Хормут увидел, что животные вдруг скорчились, как будто от страшной боли, иные падали на спины, катались по полу, но в то же время росли, их лапы вытягивались, головы становились крупнее и делались округлыми, лишаясь вытянутых вперед морд. Но самым неприятным во всем этом превращении было то, что на крысах начинала лопаться шкура, обнажалось розовое мясо и куски шкуры рваными лоскутами опадали на пол.

На глазах у Хормута зал заполнялся голыми людьми, которые извивались в каком-то жутком танце и вдруг замерли, будто ожидая приказа повелителя.

– Солодуха! – прокричал Крас. – Во дворце найдется немало одежды и доспехов, чтобы приодеть и вооружить моих верных воинов.

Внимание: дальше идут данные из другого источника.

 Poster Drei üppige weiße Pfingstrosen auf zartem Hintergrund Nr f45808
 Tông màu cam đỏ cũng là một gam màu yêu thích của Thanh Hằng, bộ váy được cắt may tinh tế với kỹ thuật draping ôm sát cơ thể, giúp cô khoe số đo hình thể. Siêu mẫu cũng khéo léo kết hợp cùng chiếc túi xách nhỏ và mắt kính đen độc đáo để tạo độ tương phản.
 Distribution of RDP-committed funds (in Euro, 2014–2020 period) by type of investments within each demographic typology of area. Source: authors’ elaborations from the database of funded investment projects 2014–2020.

Но этого мало – завтра ты приведешь ко мне еще пятьсот крыс. Тысячи нам хватит вполне, чтобы уберечь дворец, а значит, и весь Ладор от попыток наших недругов вернуть Владигору его собственность, если он попытается это сделать. Но и это еще не все – я хочу вооружить моих слуг новым оружием Владигора, самострелами, способными крушить любую броню и убивать врагов с большого расстояния. Рядом с этим залом находится мастерская, где князь Синегорья создавал свое оружие. Солодуха и Хормут, займитесь изучением всех самострелов, которые там имеются, и лучший вид сразу же отдайте мастерам, кузнецам и изготовителям луков. У каждого из моих воинов будет самострел, и пусть здесь, в этом зале, на этих глиняных истуканах учатся они стрелять! О, тщеславие Владигора сыграло с ним дурную шутку. Нельзя быть слишком умным, умней других! Менее умные, менее красивые никогда не прощают превосходства над собой! Вам сказочно повезло! Еще совсем недавно вы были мерзкими тварями, теперь же стали моими воинами и, значит, скоро будете властвовать над всем Поднебесным миром!

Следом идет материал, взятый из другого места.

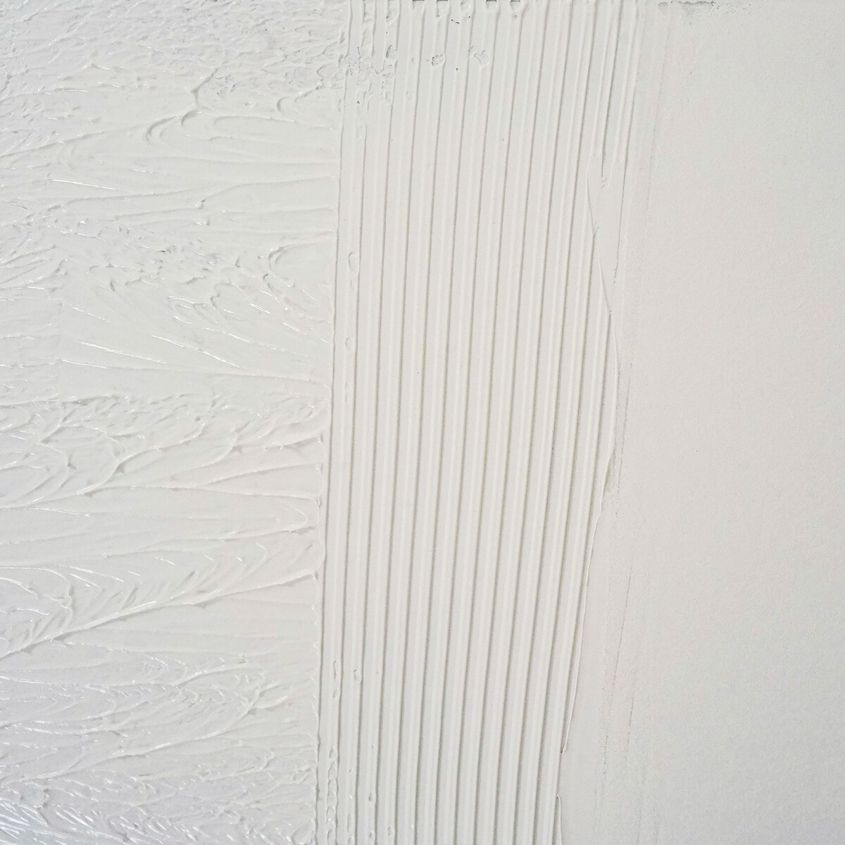 Ensuite, tu enlèves la bande supérieure (elle tombe généralement d'elle-même) et tu retires délicatement la bande inférieure. Aplanis délicatement la zone de jonction avec le couteau à enduire - le résultat doit être sans raccord et invisible.
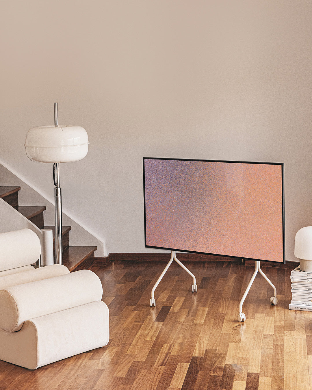 Moon Rollin'で、よりフレキシブルなインテリアデザインを実現。テレビを部屋から部屋へ簡単に移動できます。Moon Rollin'は、柔らかな曲線とPipeシリーズ特有の遊び心のあるデザインが特徴の機能的なスタンドです。柔らかでありながら遊び心のある曲線は、頑丈なスチール構造と鮮やかなコントラストを生み出し、スタンドの安定性と耐久性を確保しています。この製品には、ホイール、VESA キット、取り付けキットが含まれています。

И голые люди, стоявшие плотной толпой, плечом к плечу, с горящими от радости глазами, ответили колдуну дружным протяжным приветствием, воздев вверх правую руку. Повара, что стряпали совсем неподалеку, услышав донесшийся до них гул, подумали было, что это раскаты грома, но, выглянув в окно, не только не увидели дождя, но не заметили на небе даже облачка.

5. Ладья смерти, Путислава и Веденей

Долог был путь от Бореи до гор Рифейских, но чем дольше ехал туда Велигор, пересекая широкие реки, минуя деревушки и городища, тем крепче становилась в нем уверенность, что добиться встречи с чародеем Веденеем он обязан во что бы то ни стало.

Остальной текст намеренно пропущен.